The problem
Make an RFM analysis. It divides users into segments depending on the prescription (Recency), frequency (Frequency) and the total amount of payments (Monetary).
- Recency – the difference between the current date and the date of the last payment
- Frequency — number of transactions
- Monetary – amount of purchases
These three indicators must be calculated separately for each customer. Then put marks from 1-3 or 1-5. The wider the range, the narrower segments we get.
Points can be set using quantiles. We sort the data according to one of the criteria and divide it into equal groups.

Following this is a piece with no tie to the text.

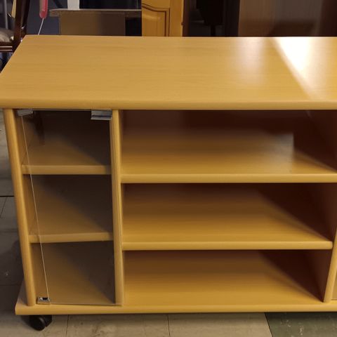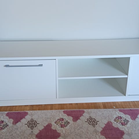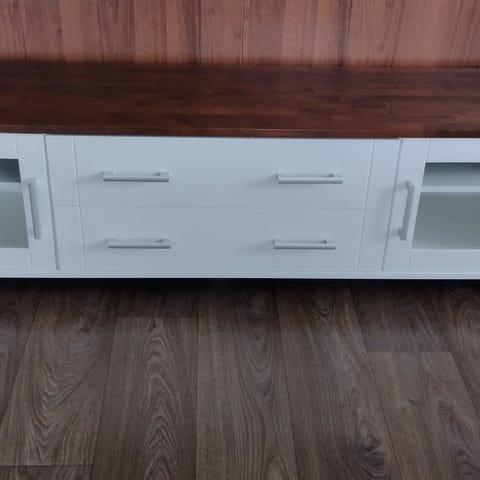 Kaunis tammen ja valkoisen värinen Jasmin tv-taso. Tv-tasossa on tammen värinen 16 mm laminoitu kalustelevyrunko, valkoiset etusarjat, ABS-reunanauha, alumiinivetimet sekä tammijalat. Tv-tasosta löytyy kaksi kippiovellista kaappia sekä avohyllyt. Tv-tason leveys on 160 cm, syvyys 40 cm ja korkeus 50 cm.
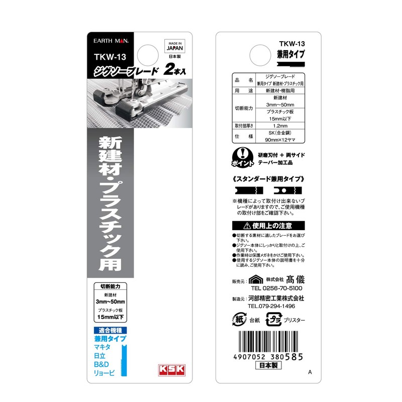 Takagi EARTH MAN TKW-13 Jigsaw Blade 2 Piece Set for New Construction Materials and PC

For this task, we use the public dataset: https://www.kaggle.com/olistbr/brazilian-ecommerce nd the olist_orders_dataset.csv and olist_order_payments_dataset.csv files. You can connect them order_id
.
Implementing RFM in Python
import numpy as np
import pandas as pd
%matplotlib inline
import matplotlib
import matplotlib.pyplot as plt
from datetime import date,timedelta
df_orders = pd.read_csv('data/olist_orders_dataset.csv')

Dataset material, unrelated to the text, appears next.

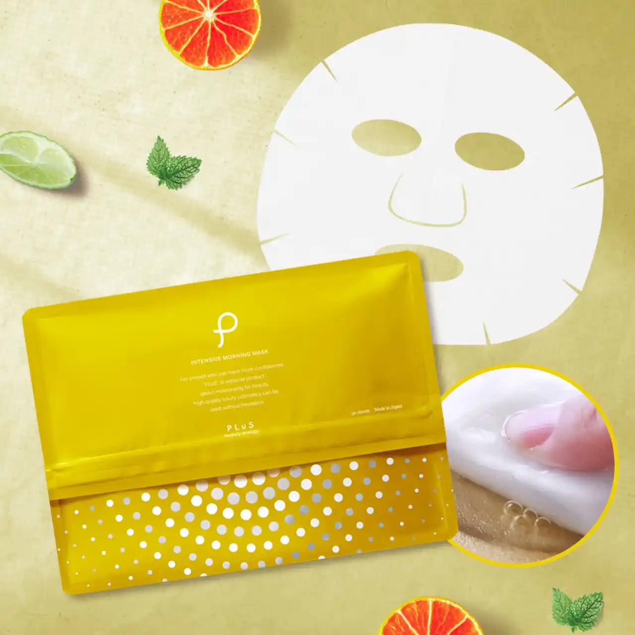 | 「PLuS/プリュ インテンシブ モーニングマスク」は、12種の美容成分を配合した超微粒子ローションをたっぷり420mL含んだ30枚入りのシートマスクです。ひたひたのシートをたった1分貼るだけで、肌に素早くうるおいを届ける時短アイテム。 | |||||||||||||||||||

df_payments = pd.read_csv('data/olist_order_payments_dataset.csv')
We import all the necessary libraries and read the files.
We will rely on the date of delivery of the order by the carrier (order_delivered_carrier_date
), so we will convert it to datetime64. Let’s create an order_id
index and connect our datasets by it.
df_orders['order_delivered_carrier_date'] = pd.to_datetime(df_orders['order_delivered_carrier_date'])
df_payments = df_payments.set_index('order_id')
df_orders = df_orders.set_index('order_id')
order_payment = df_orders.join(df_payments)
Since the dataset is not the most recent, we will use max+1 instead of the current date. To create recency, frequency, and monetary, we’ll group our records by customer_id
.
last_date = order_payment['order_delivered_carrier_date'].max() + timedelta(days=1)
rfmTable = order_payment.reset_index().groupby('customer_id').agg({'order_delivered_carrier_date': lambda x: (last_date - x.max()).days,
'order_id': lambda x: len(x),
'payment_value': lambda x: x.sum()})
rfmTable.rename(columns={'order_delivered_carrier_date': 'recency',
'order_id': 'frequency',
'payment_value': 'monetary_value'}, inplace=True)
Now we need to set the grades. We will split into a range from 1 to 5. The wider the range, the more accurate our groups, but at the same time, it is more difficult to work with a large number of combinations.
quantiles = rfmTable.quantile(q=[0.20, 0.40, 0.60, 0.80])
quantiles = quantiles.to_dict()
segmented_rfm = rfmTable
def RScore(x,p,d):
if x <= d[p][0.20]:
return 1
elif x <= d[p][0.40]:
return 2
elif x <= d[p][0.60]:
return 3
elif x<=d[p][0.80]:
return 4
else:
return 5
segmented_rfm['r_quartile'] = segmented_rfm['recency'].apply(RScore, args=('recency',quantiles,))
segmented_rfm['f_quartile'] = segmented_rfm['frequency'].apply(RScore, args=('frequency',quantiles,))
segmented_rfm['m_quartile'] = segmented_rfm['monetary_value'].apply(RScore, args=('monetary_value',quantiles,))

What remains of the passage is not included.